Its not full security, but it has surprisingly success in dramatically reducing the number of hack attempts. I saw my hack attempts go from hundreds every day to not one attempt since (in over 1 year) after I did some port remapping.

For example, on your router, close port#22. And open, say, port 30001 to point to port#22 on your PC. That way for you to access your PC via SSH you need to direct your SSH applications to go to port 30001 and your router will re-direct you to port #22 on your PC.

Lets say that is PC#1 and you have 3 PCs on your home LAN. Then you could map on your router port#30002 to PC#2’s port#22, and you could map port#30003 on your router to PC#3’s port#22.

There are also many other security measures one could do.

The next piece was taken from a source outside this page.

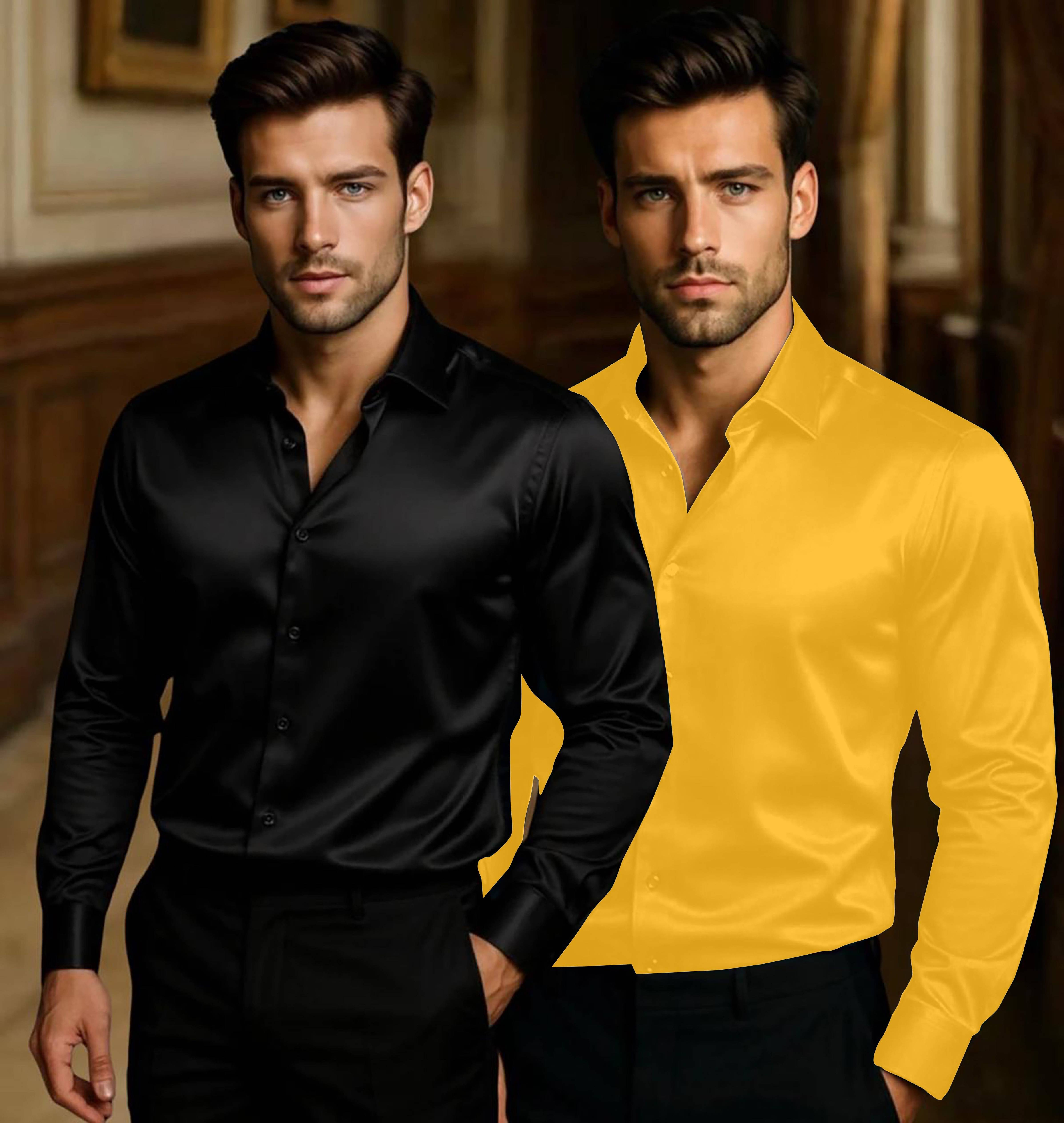 METRONAUT Men Solid Party Black, Yellow Shirt (Pack of 2)

You appear to be well on top of this with the software you have applied and are considering.

#10

What OldCPU said. We haven’t had a single attack in over a year, either, since we changed our SSH port numbers.

#11

On Sun, 17 Jan 2010 07:06:01 +0000, mmarif4u wrote:

> Hi,
> Just for the knowledge, can you redirect to any tutorial or information,
> how to use keys instead of passwords.

The way I do it is by modifying /etc/ssh/sshd_config - just change the
option PasswordAuthentication to “no”.

Then use ssh_keygen to generate a key (if you haven’t already done so)
and put the public key that’s generated (id_rsa.pub is the file it’s
stored in by default) in the target system’s authorized_keys file.

Jim


Jim Henderson
openSUSE Forums Moderator

#12

I had the same issue with my home server. I was getting hit big time on port 22. I moved it to a obscure port number and that was the end of it.

I also disallowed root login - also in the previously mentioned config file. That way if I did get hacked they would be stuck in user level account and would then have to start looking for the root password.

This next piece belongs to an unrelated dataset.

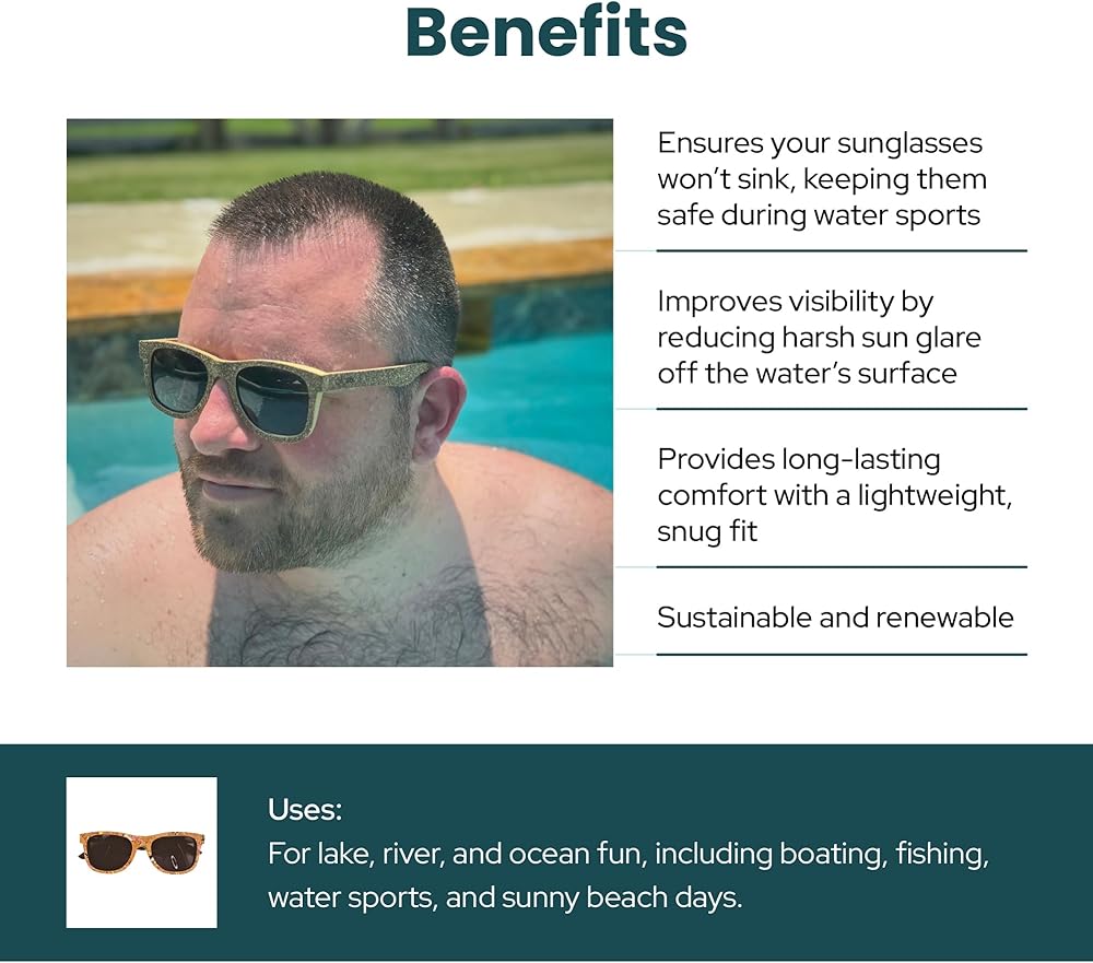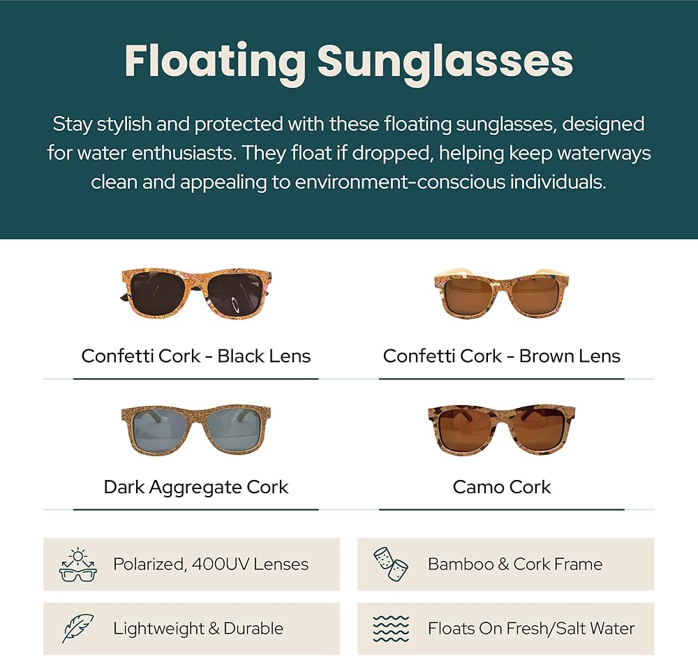 Stay protected and stylish with Texas Cork Company Floating Polarized Sunglasses, engineered for water and outdoor enthusiasts. Built with bamboo frames and cork veneer, these eco-friendly sunglasses are lightweight, durable, and designed to float, so you never lose them in the lake, river, or ocean. The polarized UV400 lenses reduce glare from water and reflective surfaces while blocking harmful UVA/UVB rays, ensuring superior clarity and comfort all day. Perfect for boating, fishing, kayaking, or beach trips, these sunglasses combine safety and performance in one sleek package. Their natural cork finish paired with polarized lenses creates a unique, fashionable look for both men and women. Designed for a snug yet comfortable fit, they're easy to wear for hours without discomfort. Whether you're fishing, relaxing by the water, or enjoying a summer hike, these floating polarized sunglasses deliver the perfect balance of protection, style, and reliability for any adventure.

Keys are probably best but if you are at a different computer away from home you can’t get in yourself - right?

#13

Even better than setting PermitRootLogin no is to restrict the AllowedUsers to the minimum set.

#14

On Tue, 19 Jan 2010 03:06:01 +0000, etch wrote:

> Keys are probably best but if you are at a different computer away from
> home you can’t get in yourself - right?

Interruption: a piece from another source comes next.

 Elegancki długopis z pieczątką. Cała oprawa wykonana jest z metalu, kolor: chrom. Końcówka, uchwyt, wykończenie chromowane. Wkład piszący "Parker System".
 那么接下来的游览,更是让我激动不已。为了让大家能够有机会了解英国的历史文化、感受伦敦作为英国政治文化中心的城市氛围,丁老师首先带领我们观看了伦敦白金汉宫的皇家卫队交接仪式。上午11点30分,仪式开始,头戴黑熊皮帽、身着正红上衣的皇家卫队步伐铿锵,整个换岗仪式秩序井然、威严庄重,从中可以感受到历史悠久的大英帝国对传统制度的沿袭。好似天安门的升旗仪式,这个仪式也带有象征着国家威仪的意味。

Yes, unless you’ve taken your key with you.

Jim

Jim Henderson
openSUSE Forums Moderator

#15

Ohhhhhhhhh! Cool! I’ll have to remember that.

#16

On Wed, 20 Jan 2010 02:06:01 +0000, etch wrote:

> Ohhhhhhhhh! Cool! I’ll have to remember that.

Just don’t lose it - or if you do, don’t forget to regen your private
key. :slight_smile:

Jim


Jim Henderson
openSUSE Forums Moderator

#17

Or call somebody at home to read out the key to you. lol!